Innovación en las empresas: decisiones, presupuesto y claves para generar valor
Hay días en los que salgo de una reunión y me queda una sensación rara. He escuchado a varias organizaciones hablar de innovación con la misma convicción con la que se recita un mantra: es importante, está en la estrategia, hay que innovar. Y, sin embargo, cuando intentas bajar el discurso al suelo —al día a día, a la operativa, a las decisiones— aparece el silencio: casi nadie ha decidido qué significa innovar en su contexto… ni qué está dispuesto a cambiar para que ocurra.
Por eso sigo pensando que innovar no debería ser como deshojar una margarita. No es “hoy sí, mañana no”. No es “cuando tengamos tiempo”. No es un acto de fe. La innovación exige decisión sostenida. Exige método. Exige renuncias. Exige rutinas. Y exige algo todavía más incómodo: que toda la organización se mire al espejo.
Con demasiada frecuencia veo organizaciones orgullosas de su I+D, de su capacidad tecnológica, de sus equipos brillantes. Y me parece bien.

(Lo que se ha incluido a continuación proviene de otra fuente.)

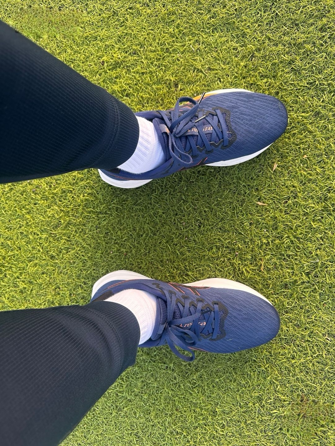 谁懂啊!本来是冲着颜值随手入的跑鞋,结果穿了一周直接焊在脚上——藏青+橙棕的撞色,配束脚裤/运动裤都巨显腿直,鞋型是那种“看着低调但细节全是小心机”的款,鞋舌的字母标自带潮感,日常出街完全不违和。 重点是脚感!中底软弹但不卸力,早上挤地铁站1小时脚不酸,下午去球场随便跑两步也能踩出回弹感,外底的纹路抓地力很稳(草坪/柏油路都试过不打滑)。关键是价格才三百出头,这个质感放专柜起码翻倍!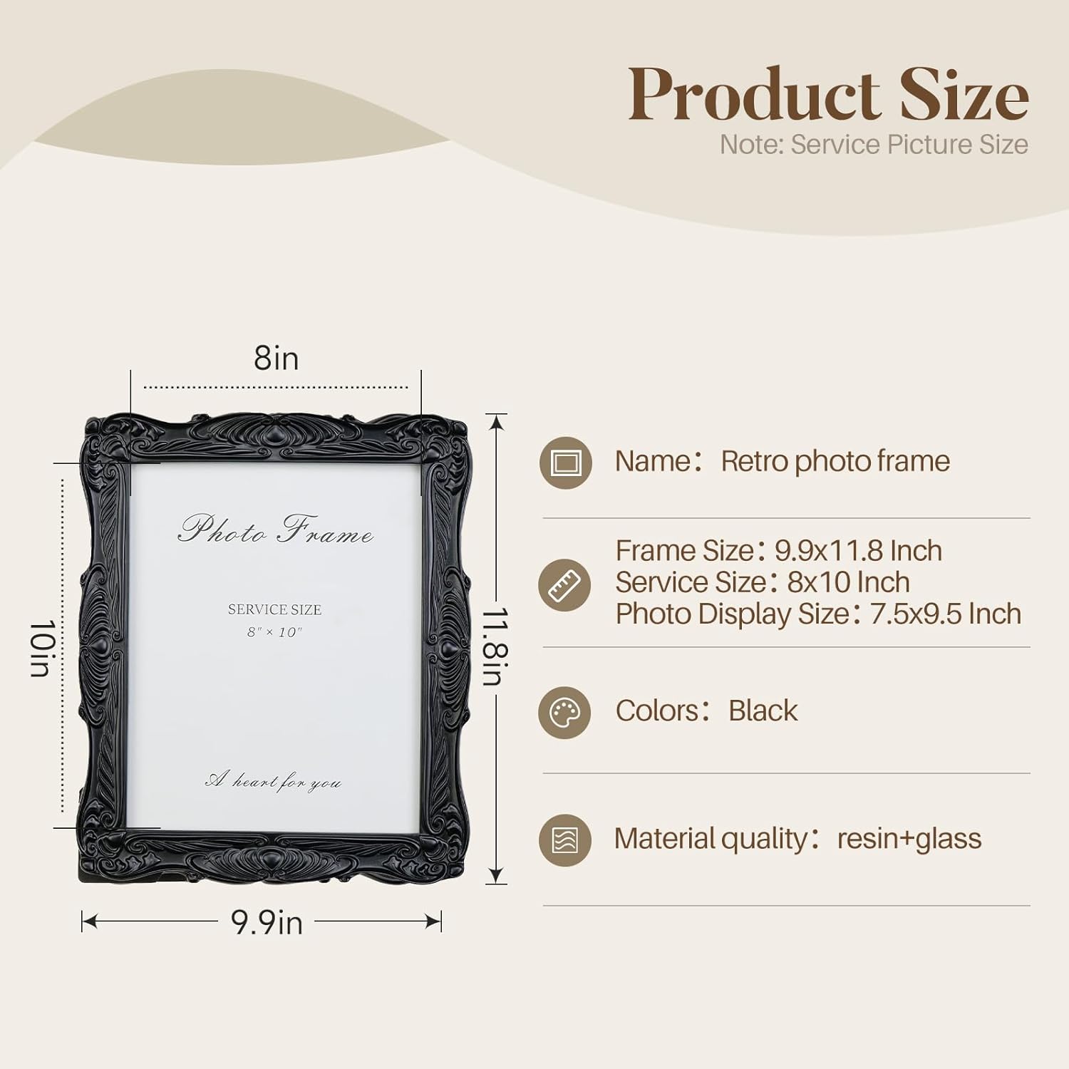 - Durable Resin Craftsmanship: Made of high-quality resin with exquisite baroque-style carvings, this frame combines durability with artistic beauty for long-lasting display.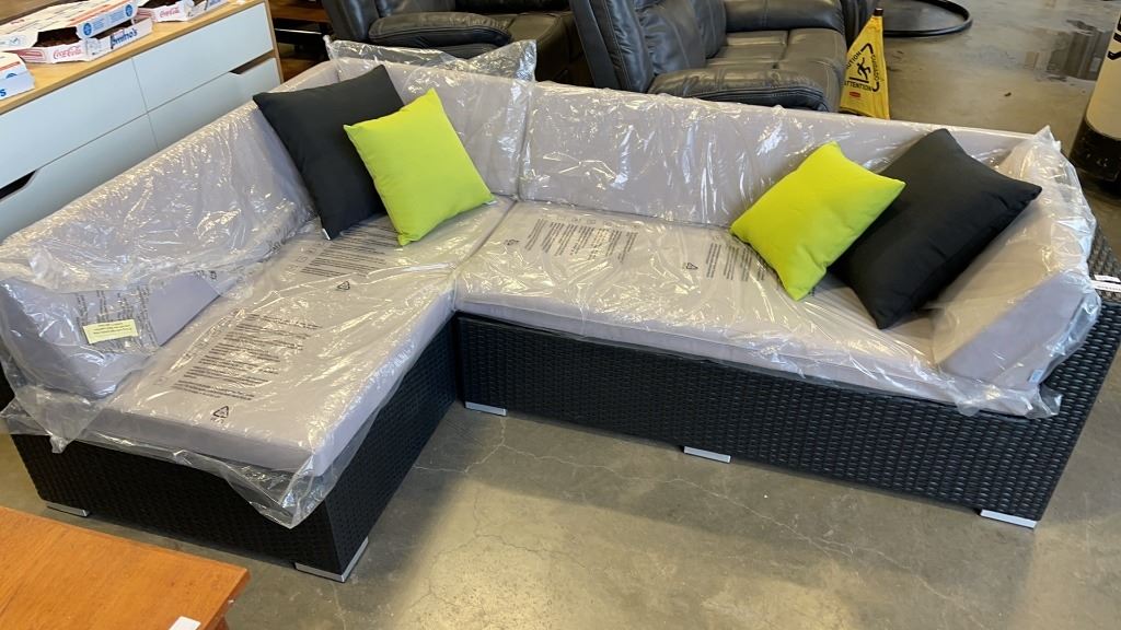 BRAND NEW PREMIUM SMALL L OUTDOOR SECTIONAL RETAIL $1199 W/ LIGHT GREY CUSHIONS AND 2 ACCENT PILLOWS

Pero también veo cómo esos resultados se quedan apartados, esperando su turno, atrapados en un piloto eterno o en una prueba de concepto que nunca llega al negocio.
Aquí quiero ser muy clara:
«Invertir en I+D es generar resultados.»
«Invertir en innovación es usar y explotar con éxito esos resultados.«
Si no hay adopción, si no hay uso, si no hay impacto real… no hay innovación. Hay potencial desperdiciado. Hay equipos brillantes frustrados. Hay tecnología esperando a que alguien, por fin, decida.
«Innovar no va de tener más ideas. Va de tomar decisiones»
Y es que tenemos que cambiar el chip de lo que entendemos por innovación. Innovar no es llenar una pared de post-its de colores. Innovar es, además de tener ideas, tomar decisiones.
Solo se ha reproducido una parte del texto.